Tam, gdzie mieszkali Majowie

Gwatemala choć jest jednym z mniejszych państw Ameryki Środkowej ma wiele do zaoferowania. Można zatrzymać się na chwilę nad jednym z kilku wielkich jezior, udać się na plaże nad oceanem, wspinać się po górach czy wulkanach, a także odkrywać malownicze budowle Majów.

Podążając na północ kraju najlepiej udać się do miejscowości Flores. Jest to bardzo mała wyspa otoczona z każdej strony jeziorem Paten Itza, drugim co do wielkości jeziorem w Gwatemali. Znajdują się tam w zasadzie tylko hotele, restauracje i biura podróży, ale nie oznacza to, że można się tutaj nudzić. Wprost przeciwnie, wieczorami to miejsce tętni życiem, a w barach, pubach i restauracjach pojawiają się nie tylko turyści, ale także okoliczni mieszkańcy. W każdy weekend organizowany jest festyn z lokalnym jedzeniem, które można spróbować w zasadzie tylko tutaj.

Udając się dalej na północ dotrzemy do tajemniczego miejsca zwanego Tikal. Jest to potężny kompleks liczący ponad 60 km2 dobrze zachowanych budowli. Miejsce to uważane jest za dawną stolicę Majów. Całość ukryta jest w otulinie lasu deszczowego i w pierwszym momencie nic nie widać. Nic dziwnego, że ruiny odkryto dopiero pod koniec XIX wieku.

Kilkanaście minut spaceru i już jesteśmy na głównym placu, a wokół potężne budowle Majów. Wrażenie robi nie tylko ich ogrom, bo ich wysokości oscylują w granicach 40-65 m, ale także ilość budynków. Z każdej strony jakaś budowla, pomieszczenia czy wejścia.

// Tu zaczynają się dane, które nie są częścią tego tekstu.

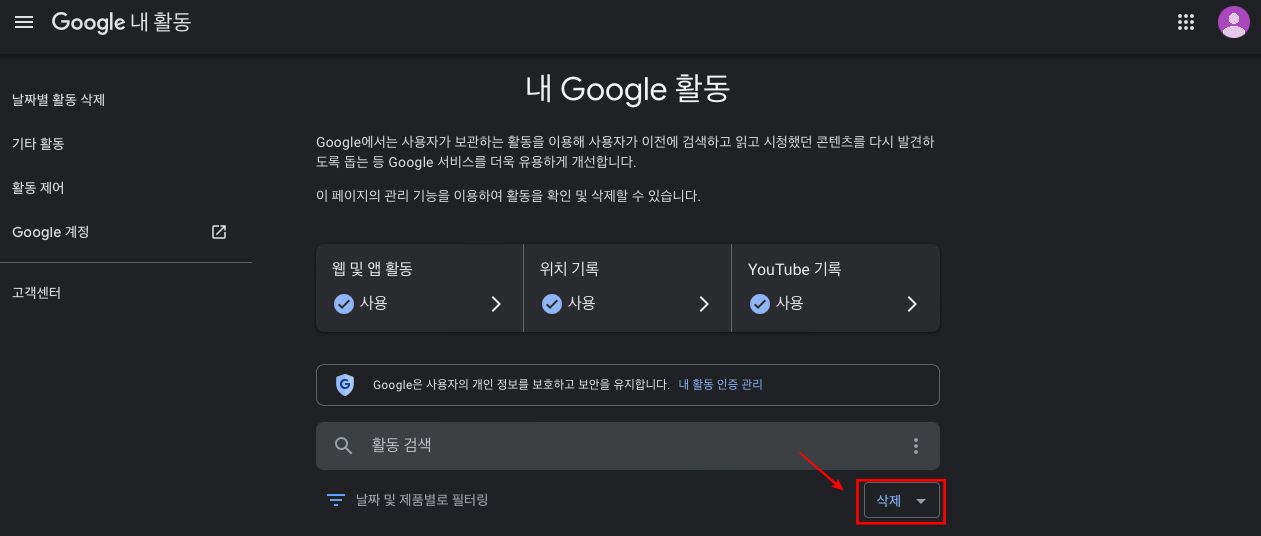 PC에서 구글 검색기록을 삭제는 구글 계정관리에서 삭제를 합니다.

Po dotarciu na szczyt jednej z budowli, zwanej Temple IV trzeba się na chwilę zatrzymać. Widok niczym z filmu, dookoła tylko lasy tropikalne, a my ponad nimi. Co jakiś czas widać szczyt kolejnej budowli. Dalej już widok po horyzont ograniczony jedynie przejrzystością powietrza. Teraz dopiero Tikal robi wrażenie, teraz dopiero widać jego ogrom.

Jak się okazuje kilka godzin na zwiedzenie wszystkich ruin to nie za dużo. Cały kompleks jest tak potężny, że odległości pomiędzy poszczególnymi budowlami to zawsze kilkanaście minut szybkiego marszu. Na każdym rozwidleniu dróg umieszczone są drogowskazy.

Tikal to jednak nie tylko budowle, ale także otaczające go lasy i zwierzęta. Można je spotkać na każdym kroku. Na szczęście nie są to jaguary przed którymi trzeba uciekać:)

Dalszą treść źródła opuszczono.